Anyway, the core difference between the APIs we proposed for this is
that you'd do:

	test_expect_success 'desc' 'test_todo false'

Whereas I suggested:

	test_expect_todo 'desc' '! false'

Now, let's pick apart the differences:

 1. With "test_expect_todo" we're declaring "this is a TODO test" for
    the test as a whole.

 2. With your "test_todo" we're not doing that, instead we proceed as
    normal, and then we might note "we had a TODO" midway through, then
    at the end we'll spot that we had a TODO test (but this approach
    won't work with subshells).

 3. Your "test_todo" is basically a "let's let this pass", whereas mine
    was a helper which exhaustively declared *what* the bad behavior
    was.

    (Although some of yours seems to be midway between the two,
    i.e. https://lore.kernel.org/git/c3f4a79c-2dc6-fbf4-fc61-591ebf417682@dunelm.org.uk/)

I think the main critique you and Junio had of my series was to do with
#3, i.e. that it was a hassle to exhaustively declare what the behavior
is & should be, as you note in:
https://lore.kernel.org/git/c3f4a79c-2dc6-fbf4-fc61-591ebf417682@dunelm.org.uk/

	test_todo \
		--want "test_must_fail git" \
		--reset "git reset --hard" \
		--expect git \
		-- \
		rm d/f &&

That's fair enough, maybe that's not worth the effort.
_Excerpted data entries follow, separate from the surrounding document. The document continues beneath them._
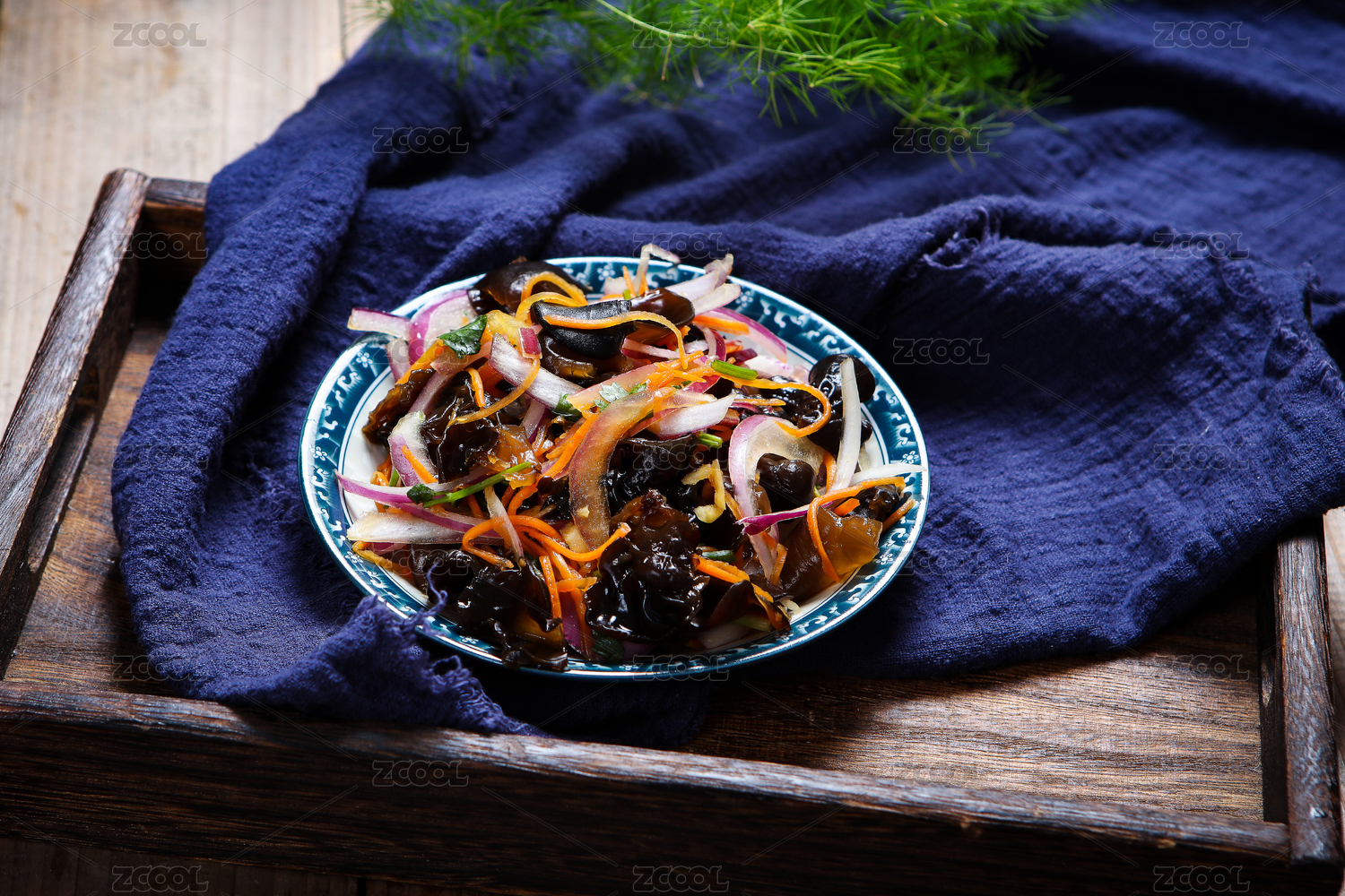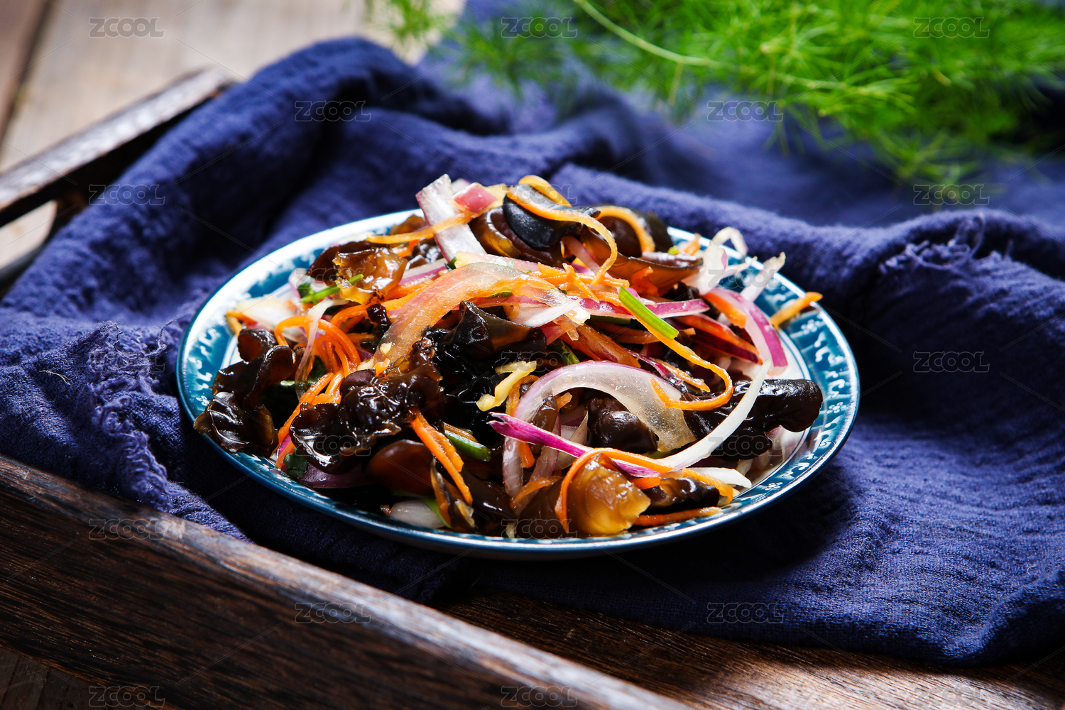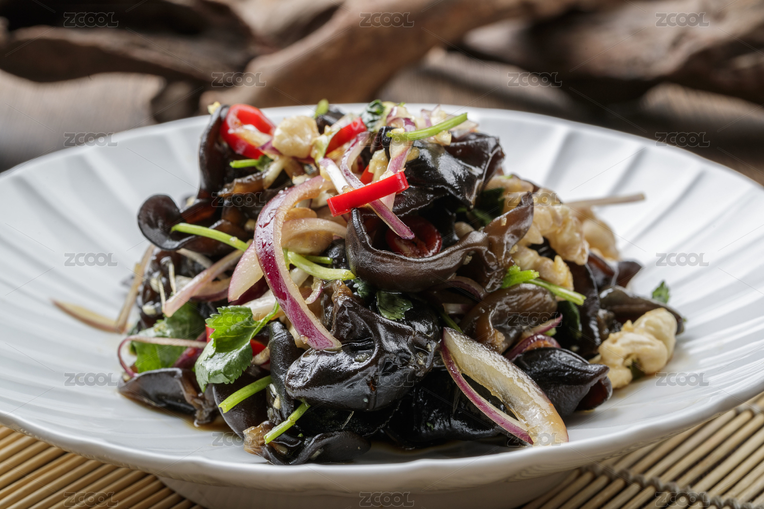 木紋背景上的涼拌木耳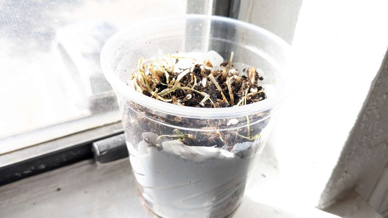 I moved the cat grass seeds to the Taco Bell cup and decided it was time to put the cactus in the window back into an upright position.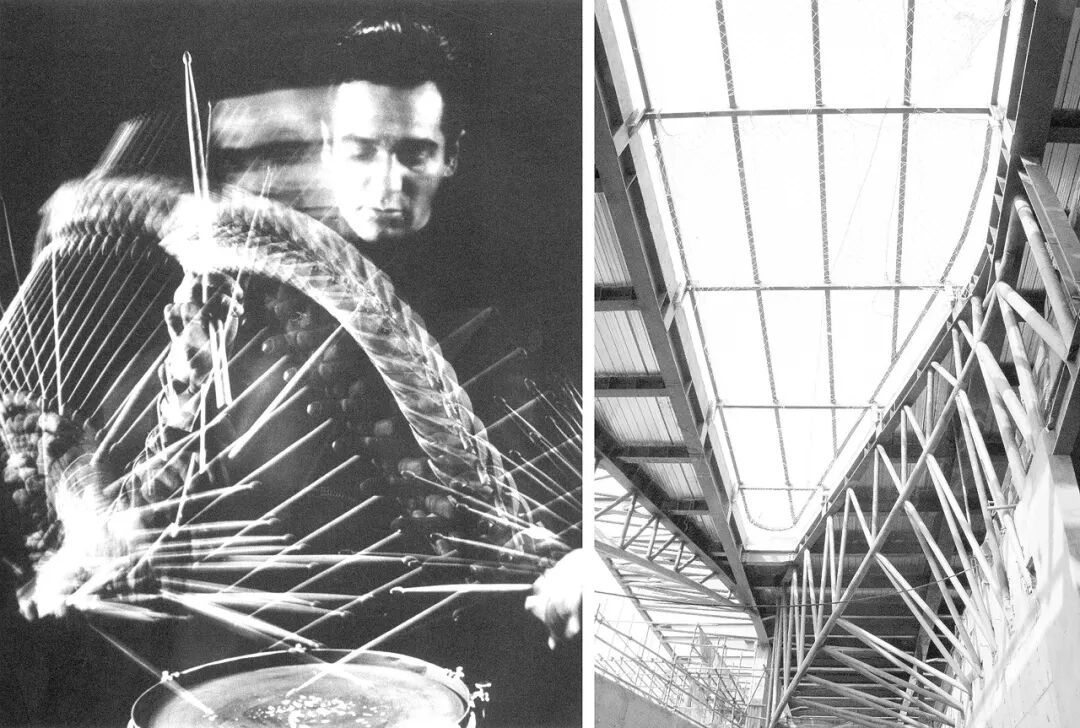 左:结构概念示意;右:施工过程照片 LEFT: STRUCTURAL CONCEPT; RIGHT: CONSTRUCTION PROCESS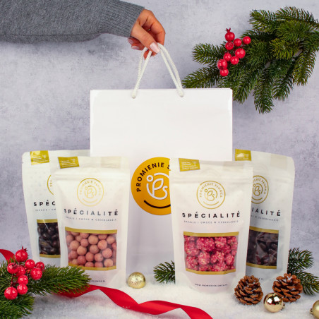 Całość zapakowana jest w elegancką torbę prezentową z logo Promienie Słońca, co sprawia, że zestaw świetnie sprawdza się jako gotowy upominek na każdą okazję.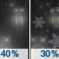 Temperature: 33°F Wind Speed: 5 to 9 mph Wind Direction: N Forecast: A chance of freezing rain before 7am, then a slight chance of snow and a slight chance of freezing rain between 7am and 1pm. Mostly sunny, with a high near 33. Chance of precipitation is 40%. |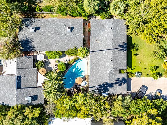 The main residence offers three AC split systems for zoned climate control, updated bathrooms (2023), a primary suite with kitchenette and 220v power, and original stained concrete flooring. Other highlights include re-insulation (2024), copper electrical conduit, a fire sprinkler system (2018), wood and cellular blinds, stackable washer/dryer, and a cozy gas fireplace. Outdoors, enjoy a resurfaced pool (2018) with newer pump (2024), outdoor shower, and gas line hookups for heating or firepit. Patio and underground wiring with lighting were added in 2019. The home is fully gated with coded Schlage locks and modern security including Google lighting controls and cameras.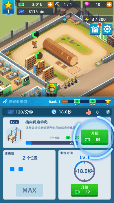 多种训练场等你解锁!打靶训练、障碍训练、靶场训练、城市作战训练、拳击训练、手榴弹射击训练、火炮训练、坦克训练……你都可以在这里找到。您需要做的就是点击并升级它们。明智地投资,用你的资金发展你的基地,解锁训练计划,提高你的声望,扩大你的军队,建立一个强大的军事和商业帝国!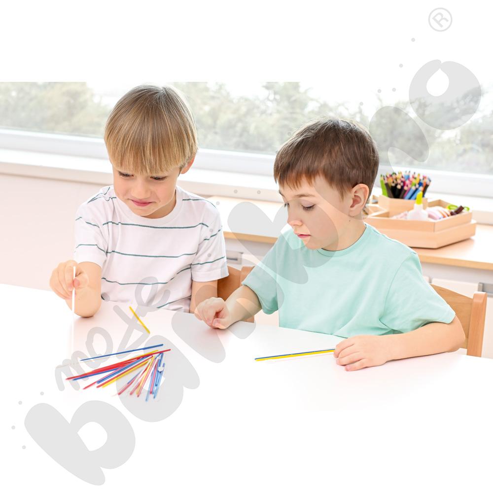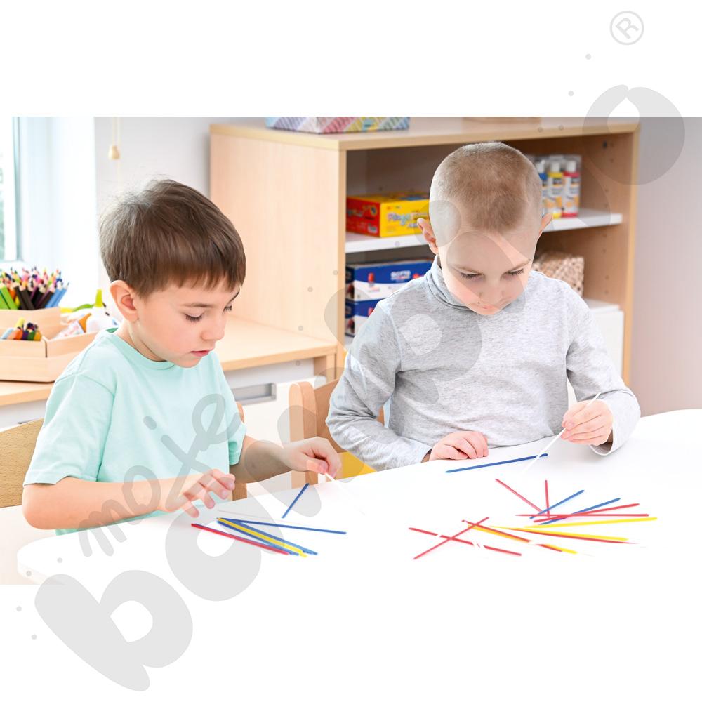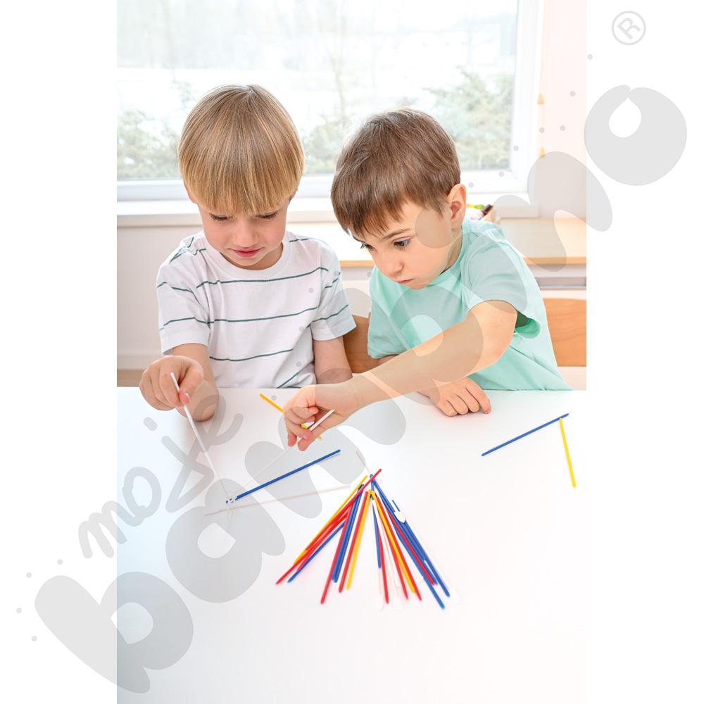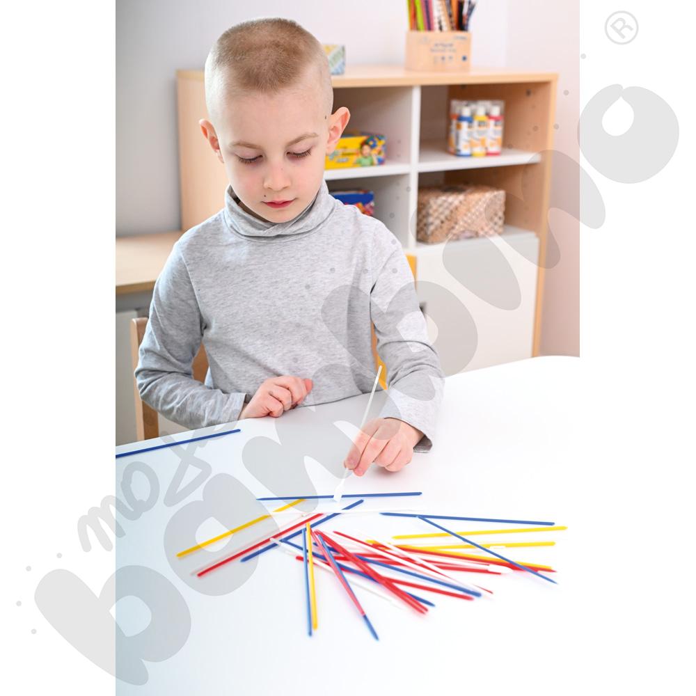 Plastikowy, kolorowy zestaw do gry w bierki. Bierki to gra zręcznościowa polegająca na zebraniu jak największej liczby punktów. Gracze kolejno wyciągają po jednym patyczku z rozsypanego stosu tak, aby nie poruszyć żadnej bierki poza jedną, którą chcą zebrać. • dł. bierki 16,5 cm • śr. bierki 0,3 cm • wym. opakowania: 18 x 4,7 x 2 cm. Zestaw zawiera: • 2 trójzęby po 25 pkt • 3 harpuny po 15 pkt • 3 wiosła po 10 pkt • 3 bosaki po 5 pkt • 24 oszczepy po 1 pkt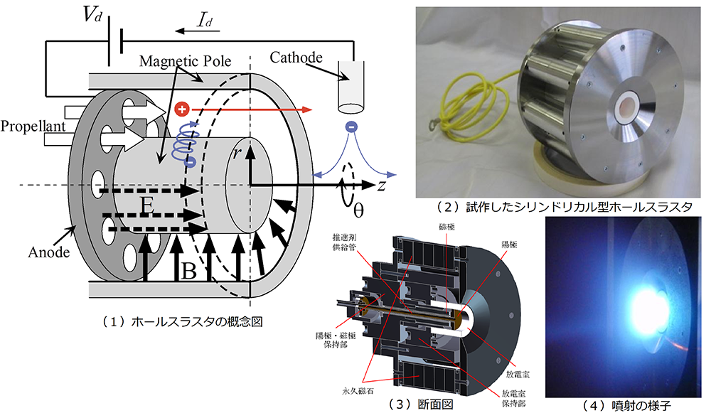エンジン内部の電場と磁場の作用によって推進剤をプラズマ化し、それを電気的に加速・噴射を行って推力を得る「シリンドリカル型ホールスラスタ」を小型・省電力化する研究開発を行っています。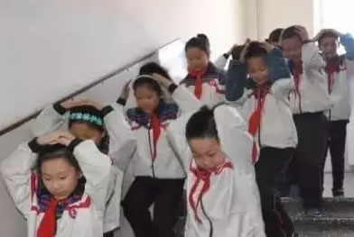 隨著警報聲響起, 地震應急演練在校園內拉開了帷幕,各班同學在班主任和科任教師的組織下,不慌不亂的頭對頭地蹲在課桌底下,手扶桌腿,接著同學們迅速向課桌中間的空位置靠攏,站成3路, 分成2路縱隊快速而有序地分別從教室前后門跑出教室,跑到操場指定地點,各班迅速清點學生數并向校領導匯報情況,歷時1分45秒。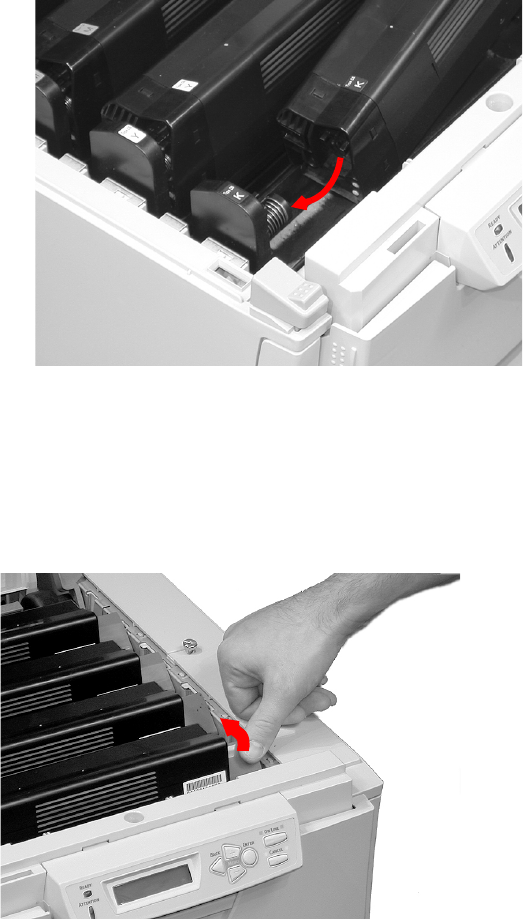 colored lock lever back to open the toner slot and lock it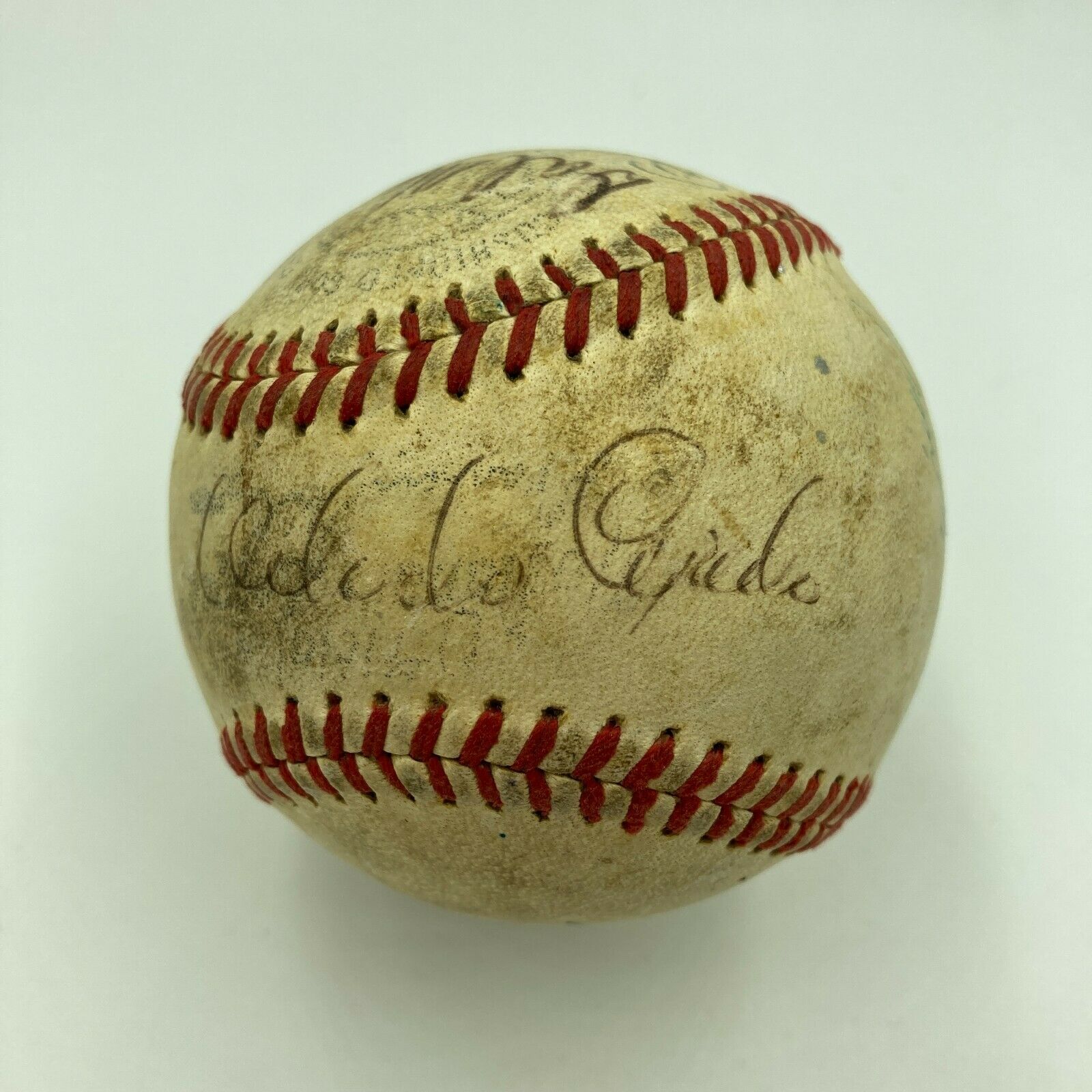 The latter five penned their signatures to this Official National League (Heydler) baseball.From the west panel and extending into the sweet spot we find the signature of Rogers Hornsby; then on the east panel extending into the sweet spot, there appears Capt. Charlie Grim ; Hack Wilson and Riggs Stephenson signed the north panel, and the south panel holds Kiki Cuyler (along with a small stamping “Courtesy of Majestic Radio”). Impressive as all this might be, however, there’s penned beneath Grimm’s signature a handwritten inscription, “Murderer’s Row Chicago Cubs Champions 1929.” These five masters at the bat recorded a .351 average, with 120 home runs, and 611 RBI in that pennant-winning 1929 season.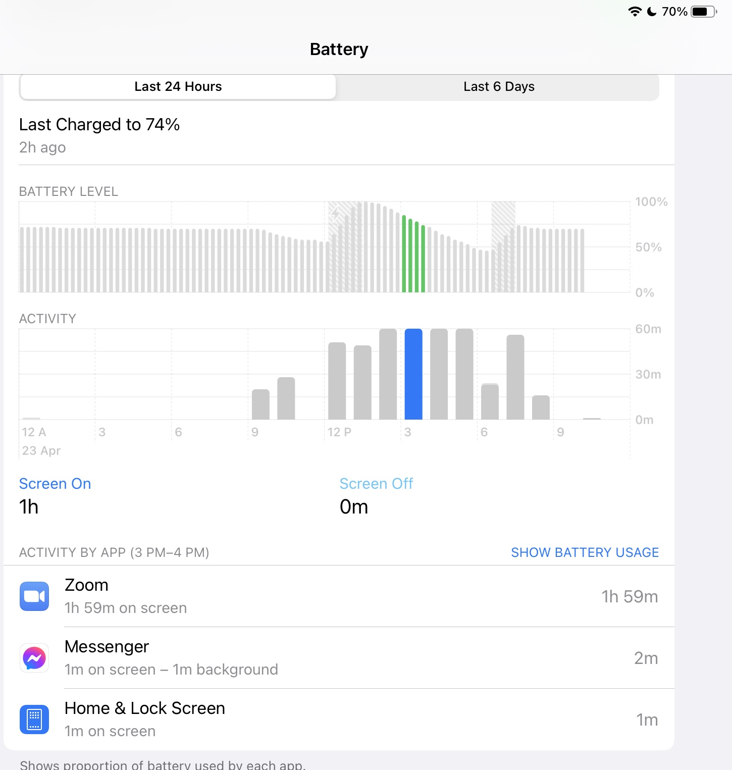 cmamb said: How can Zoom use 1h59, in 1h time? Battery drain is very extensive, in comparison with every other app I use, like drives/lumafusion etc. I searched the forum but didn’t find anything. Click to expand... It's using the front-facing camera for long periods of time. That can drain your battery very quickly.

The reason I
initially hacked this up was because I'd noticed a behavior difference
in a command that was only revealed in a test_expect_failure block, but
because we didn't assert *what* the behavior was we didn't notice.

My version (if fully used) would spot that, but that's because of how I
wrote the "tes_todo", it's orthagonal to #1 and #2 above.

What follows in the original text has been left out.